Scrubbing the future with Bill C-51

Public Safety Minister Steven Blaney, centre, promised CSIS would not use new powers to target lawful protest or artistic expression.
One of the key themes in the literature on law and policy in network or information societies is the idea that governments and private institutions are increasingly preoccupied with preventing unwanted behaviour. In addition to the traditional mix of after-the-fact prosecution through sanctions and deterrence of future transgression through the threat of sanction, the contemporary regime of governance, what Jack Balkin calls the “national security state,” adds technologies of prediction and prevention. As anticipated in many science fiction narratives, such as Minority Report, the target of regulation is gradually shifting from past behaviour to future behaviour, from behaviour that has already occurred to behaviour that may occur. While this trend isn’t new, it is becoming more pronounced in many areas of law and policy as digital and genetic techniques and the discourses surrounding them prop up the dream of perfect prediction and prevention.
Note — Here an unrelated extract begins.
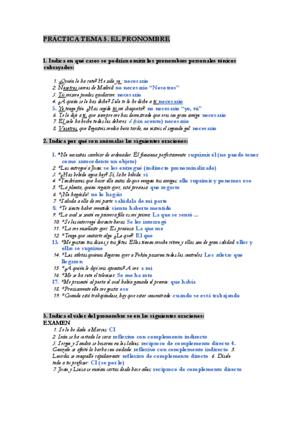 Práctica del tema 5 (pronombre) resuelta de la asignatura Lengua española para la traducción (I).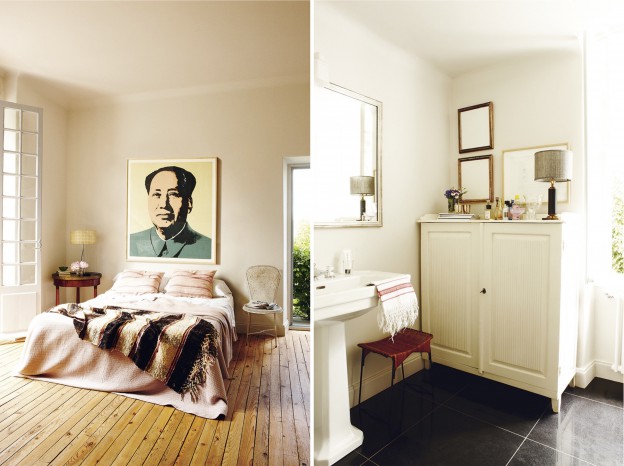 Vernacular elements – white washed walls, shuttered windows and beamed ceilings – set the scene. Then inside, a charming mix of provincial, art deco and midcentury pieces and objet have been brought together. With the exception of the sofa and Bouroullec armchair and ottoman, everything has been sourced second hand. From the brocantes of Paris, to local flea markets and antique shops, an array of wonderful pieces cohabit – pieces by Charlotte Perriand, Pierre Guariche (chairs and lighting), and Eero Saarinen Tulip chairs and tables.

This week, Public Safety Minister Steven Blaney is asking Canadians to believe him that has looked into (or “scrubbed,” to use the Minority Report term) the future and it is marked by the rise of “radical jihadists.” Bill C-51 is packed full of preventative features, criminalizing the “promotion of terrorism” for example, which has alarmed the Privacy Commissioner and many academics looking into the proposed legislation. The idea here is that there is causal relationship between speaking about hurting or killing people and actual violence. As Blaney puts it, “The Holocaust did not begin in the gas chamber; it began with words.” A crude analogy, even by the often low rhetorical standards of Blaney and company, but Blaney at least makes his point clear: by preventing speech that could be interpreted as promoting harm to Canadians, C-51 will prevent actual harm to Canadians. This is Minority Report-style governance at its finest.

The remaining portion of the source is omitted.